EXERCISE PROMPT: An exact copy of the data is required; the images should not appear in it.

INFORMATION SUPPLIED:

- Opening Delimiter -

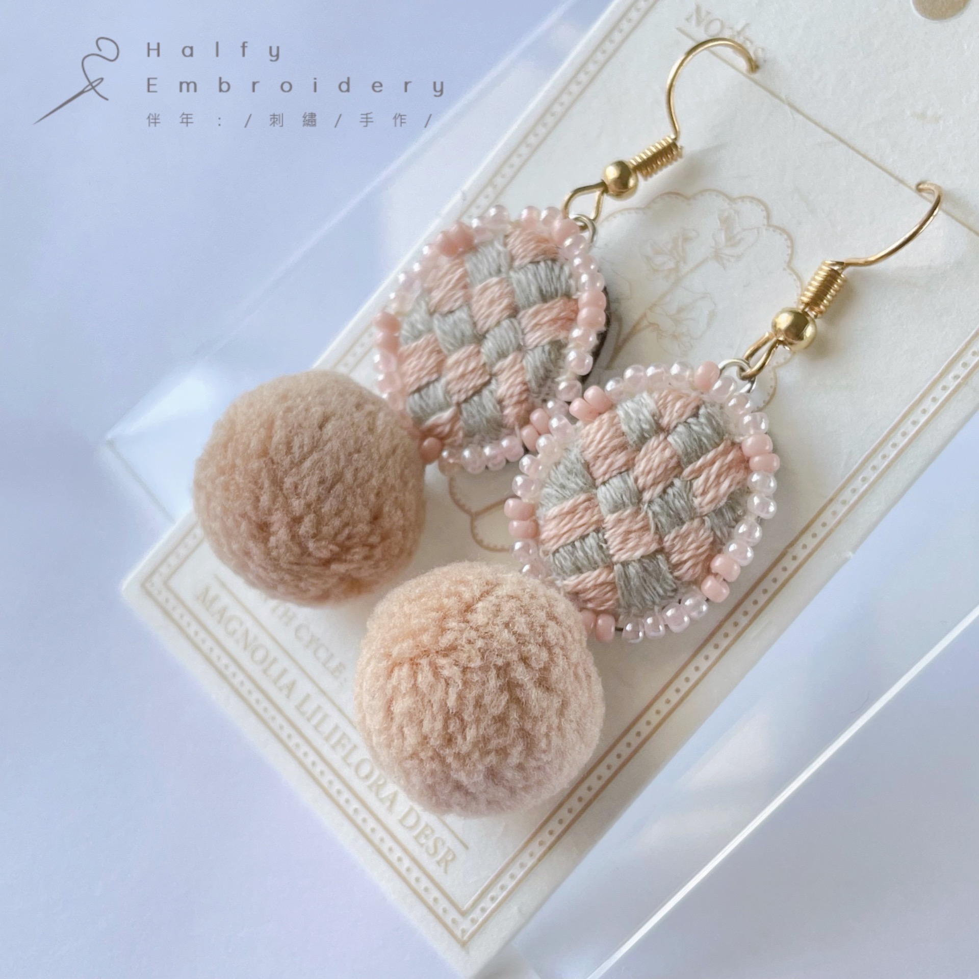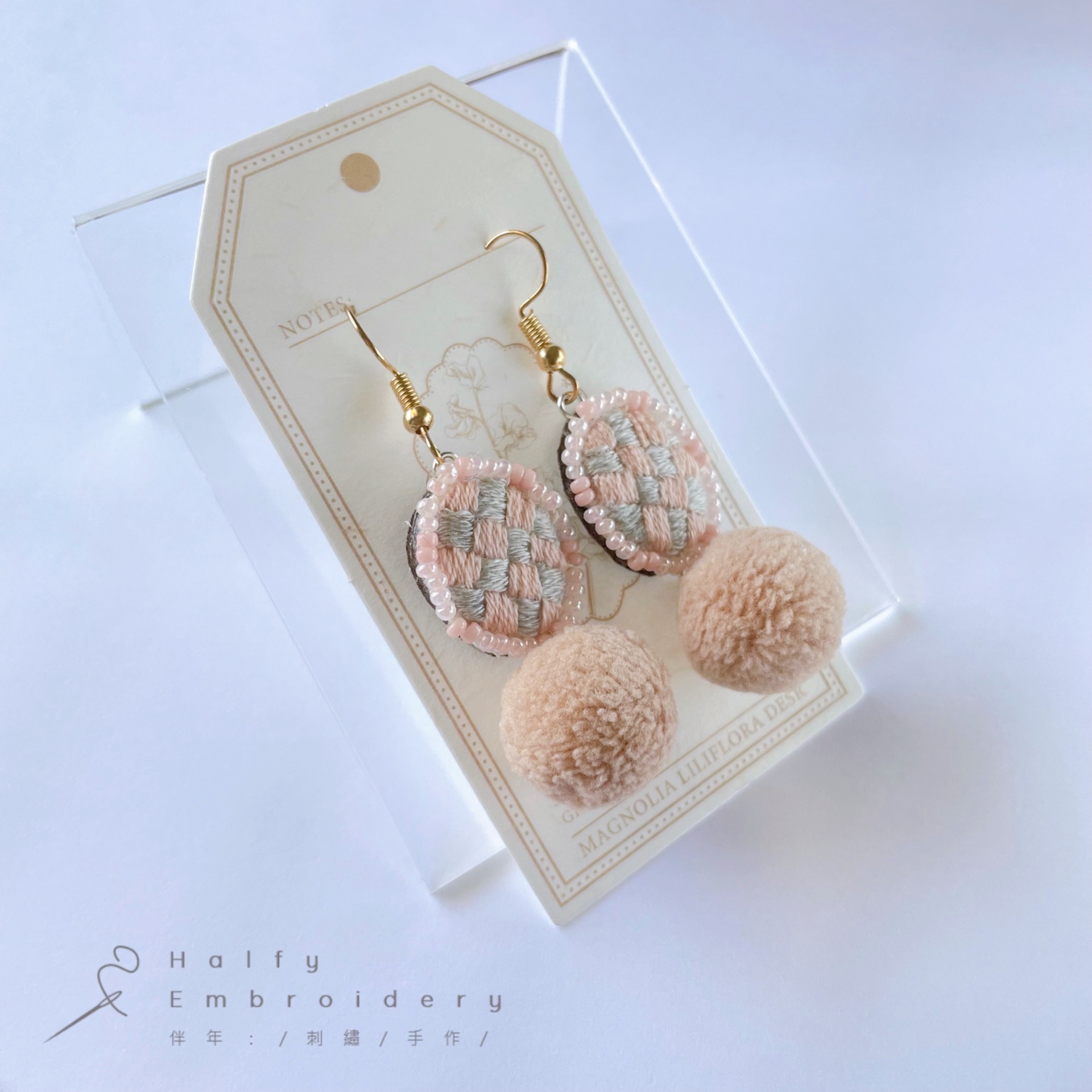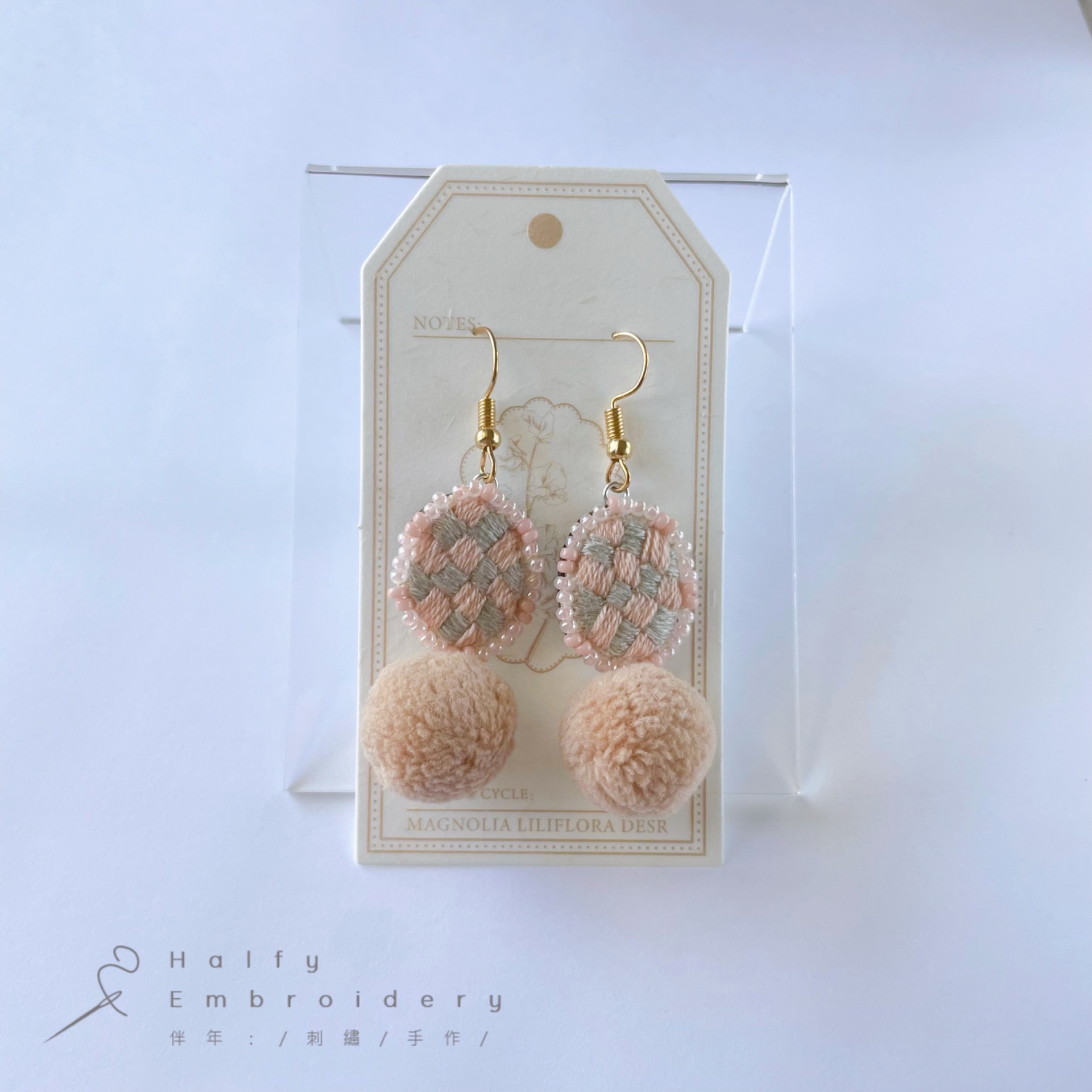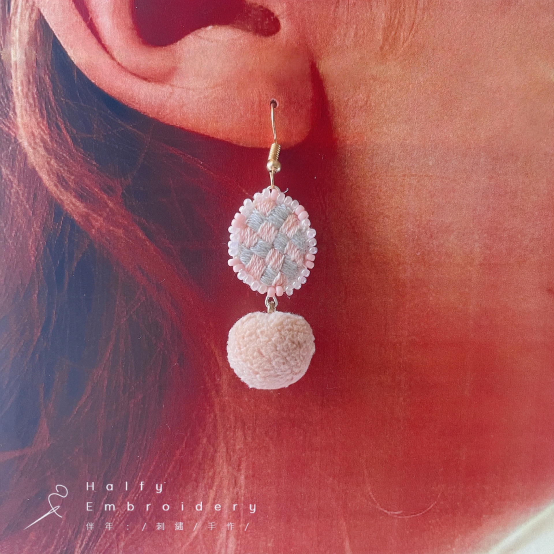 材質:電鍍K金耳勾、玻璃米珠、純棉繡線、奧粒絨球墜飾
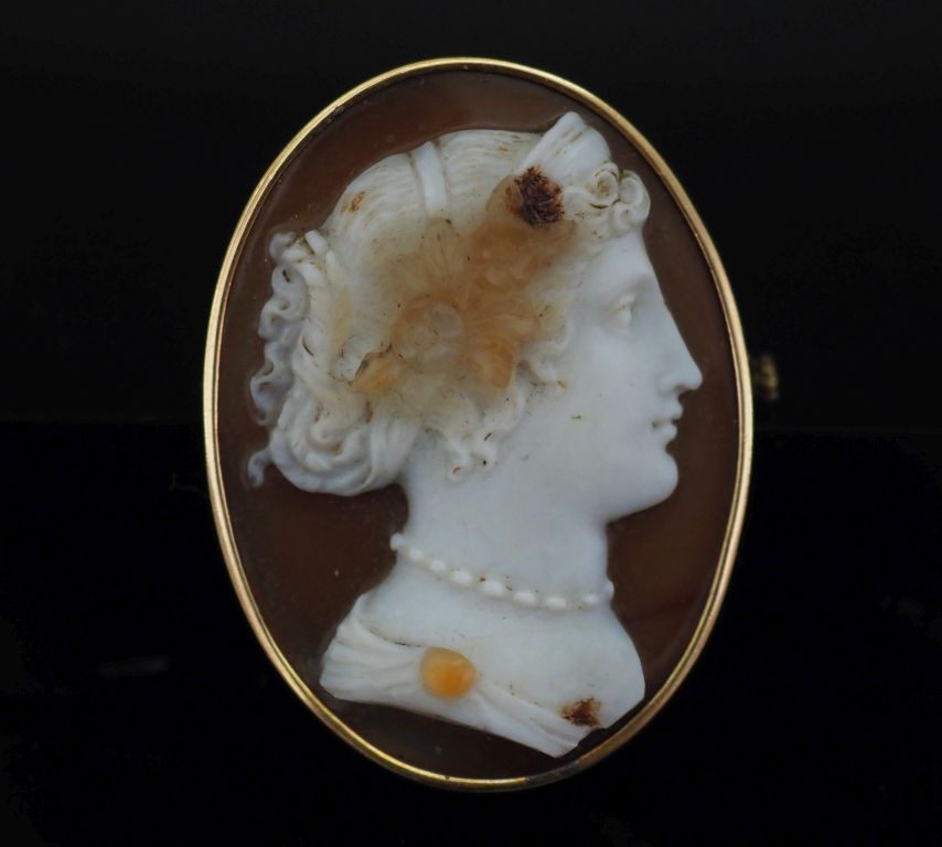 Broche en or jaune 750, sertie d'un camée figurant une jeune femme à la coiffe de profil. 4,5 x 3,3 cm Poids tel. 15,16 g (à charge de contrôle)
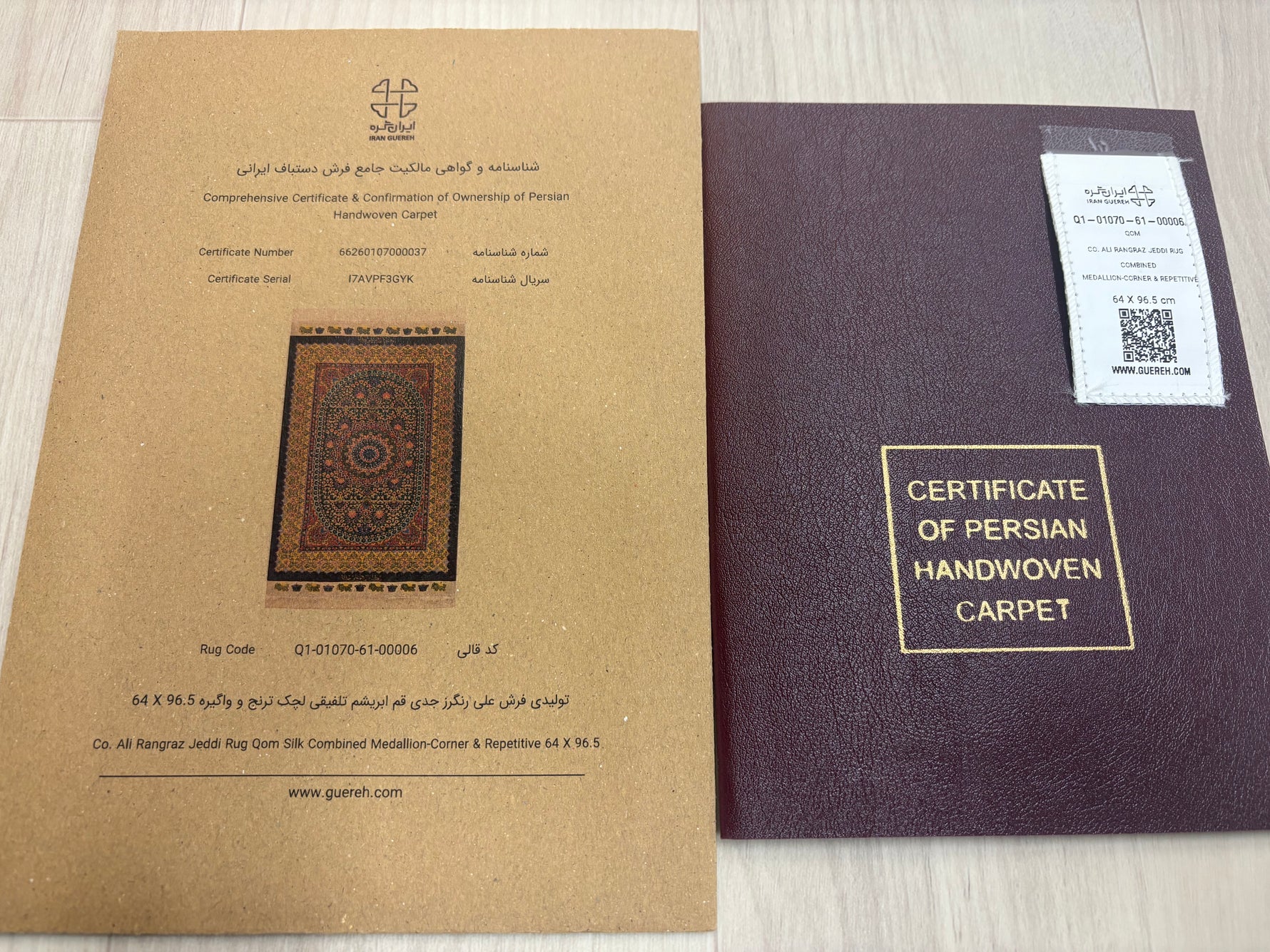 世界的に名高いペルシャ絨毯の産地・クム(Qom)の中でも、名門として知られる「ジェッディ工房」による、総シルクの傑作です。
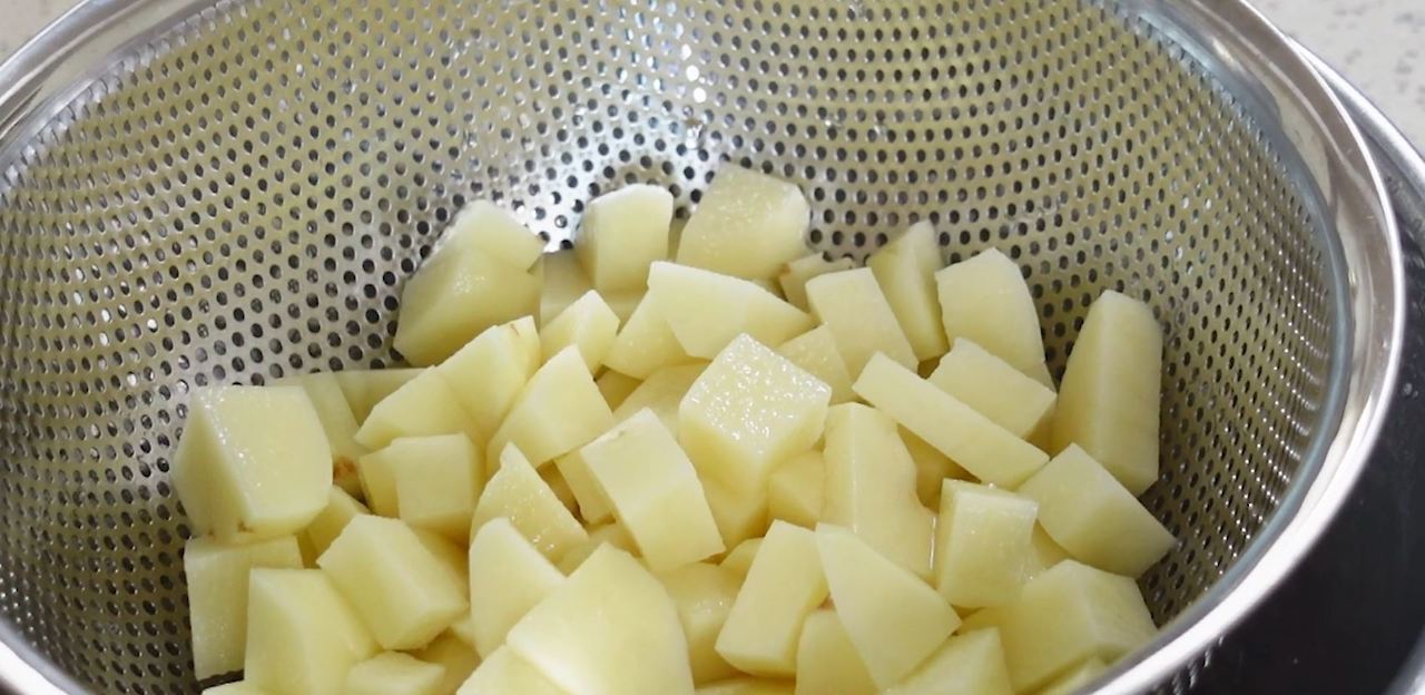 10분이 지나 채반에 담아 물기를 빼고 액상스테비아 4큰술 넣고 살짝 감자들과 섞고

- Closing Delimiter -

RESULT OF THE EXERCISE:
 材質:電鍍K金耳勾、玻璃米珠、純棉繡線、奧粒絨球墜飾
 Broche en or jaune 750, sertie d'un camée figurant une jeune femme à la coiffe de profil. 4,5 x 3,3 cm Poids tel. 15,16 g (à charge de contrôle)
 世界的に名高いペルシャ絨毯の産地・クム(Qom)の中でも、名門として知られる「ジェッディ工房」による、総シルクの傑作です。
 10분이 지나 채반에 담아 물기를 빼고 액상스테비아 4큰술 넣고 살짝 감자들과 섞고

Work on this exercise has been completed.